--- START ---

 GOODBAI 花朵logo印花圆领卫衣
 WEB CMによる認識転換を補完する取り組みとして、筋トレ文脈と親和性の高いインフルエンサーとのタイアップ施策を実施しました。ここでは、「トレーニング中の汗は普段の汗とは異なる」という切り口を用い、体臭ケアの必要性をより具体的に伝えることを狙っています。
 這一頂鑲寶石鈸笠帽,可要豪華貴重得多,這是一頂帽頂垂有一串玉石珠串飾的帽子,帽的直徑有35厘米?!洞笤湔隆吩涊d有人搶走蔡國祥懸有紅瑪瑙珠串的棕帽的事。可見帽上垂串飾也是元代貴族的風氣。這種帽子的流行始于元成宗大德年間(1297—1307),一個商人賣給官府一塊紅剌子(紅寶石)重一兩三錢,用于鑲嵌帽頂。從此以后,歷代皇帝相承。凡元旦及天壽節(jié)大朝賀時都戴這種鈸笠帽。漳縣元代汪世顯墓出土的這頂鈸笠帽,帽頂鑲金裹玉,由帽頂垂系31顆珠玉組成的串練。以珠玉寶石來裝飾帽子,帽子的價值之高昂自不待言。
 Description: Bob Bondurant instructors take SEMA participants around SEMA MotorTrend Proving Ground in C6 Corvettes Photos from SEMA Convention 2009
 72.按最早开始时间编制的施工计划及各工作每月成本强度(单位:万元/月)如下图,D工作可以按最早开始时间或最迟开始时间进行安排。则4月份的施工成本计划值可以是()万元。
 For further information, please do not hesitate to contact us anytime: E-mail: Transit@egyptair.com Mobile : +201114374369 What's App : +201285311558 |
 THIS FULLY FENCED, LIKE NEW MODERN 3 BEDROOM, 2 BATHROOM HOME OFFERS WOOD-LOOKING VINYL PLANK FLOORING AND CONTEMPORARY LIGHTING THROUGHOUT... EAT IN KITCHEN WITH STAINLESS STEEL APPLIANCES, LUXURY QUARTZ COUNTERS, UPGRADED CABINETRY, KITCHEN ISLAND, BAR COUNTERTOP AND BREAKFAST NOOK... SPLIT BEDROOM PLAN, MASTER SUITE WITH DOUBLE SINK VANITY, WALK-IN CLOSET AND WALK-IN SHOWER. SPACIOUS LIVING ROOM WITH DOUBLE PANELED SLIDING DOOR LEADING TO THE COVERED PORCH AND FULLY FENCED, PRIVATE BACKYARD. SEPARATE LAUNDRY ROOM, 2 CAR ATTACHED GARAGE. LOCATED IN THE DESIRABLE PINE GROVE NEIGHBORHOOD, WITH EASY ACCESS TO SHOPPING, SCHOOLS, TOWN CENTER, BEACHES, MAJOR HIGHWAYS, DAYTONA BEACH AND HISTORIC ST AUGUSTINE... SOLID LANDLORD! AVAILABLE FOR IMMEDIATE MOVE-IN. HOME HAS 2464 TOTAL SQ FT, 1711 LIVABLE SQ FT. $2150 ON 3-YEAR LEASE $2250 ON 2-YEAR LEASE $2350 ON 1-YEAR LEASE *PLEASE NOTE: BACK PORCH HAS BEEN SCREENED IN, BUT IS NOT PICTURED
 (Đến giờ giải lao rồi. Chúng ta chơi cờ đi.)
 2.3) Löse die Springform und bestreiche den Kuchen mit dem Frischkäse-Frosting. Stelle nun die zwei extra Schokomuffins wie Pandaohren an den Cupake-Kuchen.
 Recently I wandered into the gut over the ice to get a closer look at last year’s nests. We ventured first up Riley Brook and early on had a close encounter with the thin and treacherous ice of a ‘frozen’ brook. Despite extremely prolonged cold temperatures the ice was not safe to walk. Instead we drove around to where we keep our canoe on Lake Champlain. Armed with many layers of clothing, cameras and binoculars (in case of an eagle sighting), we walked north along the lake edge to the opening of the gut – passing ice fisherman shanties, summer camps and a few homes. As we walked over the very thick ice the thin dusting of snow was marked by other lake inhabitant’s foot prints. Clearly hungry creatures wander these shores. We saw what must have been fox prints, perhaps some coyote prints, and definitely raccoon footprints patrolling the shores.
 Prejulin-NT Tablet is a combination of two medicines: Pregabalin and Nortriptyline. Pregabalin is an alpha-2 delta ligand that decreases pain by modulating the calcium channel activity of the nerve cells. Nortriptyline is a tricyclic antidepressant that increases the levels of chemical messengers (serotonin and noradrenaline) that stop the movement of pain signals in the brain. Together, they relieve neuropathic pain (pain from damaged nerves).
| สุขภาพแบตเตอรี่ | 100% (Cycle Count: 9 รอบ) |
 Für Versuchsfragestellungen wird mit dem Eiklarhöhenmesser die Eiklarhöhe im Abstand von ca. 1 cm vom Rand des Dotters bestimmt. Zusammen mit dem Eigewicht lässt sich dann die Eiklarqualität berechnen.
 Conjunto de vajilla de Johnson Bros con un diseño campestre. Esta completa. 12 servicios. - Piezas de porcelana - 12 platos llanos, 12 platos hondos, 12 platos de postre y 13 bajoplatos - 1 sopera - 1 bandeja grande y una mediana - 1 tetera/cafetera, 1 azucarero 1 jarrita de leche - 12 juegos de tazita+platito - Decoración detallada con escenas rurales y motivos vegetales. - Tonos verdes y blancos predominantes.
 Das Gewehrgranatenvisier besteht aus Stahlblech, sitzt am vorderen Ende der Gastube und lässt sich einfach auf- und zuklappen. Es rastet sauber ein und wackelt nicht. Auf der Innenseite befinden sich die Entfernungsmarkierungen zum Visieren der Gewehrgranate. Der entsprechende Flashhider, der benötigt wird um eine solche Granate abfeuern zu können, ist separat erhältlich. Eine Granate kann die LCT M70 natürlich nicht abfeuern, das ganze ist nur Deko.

--- END ---

Find the lines above that contain "lässt" and give their count, with nothing added.

2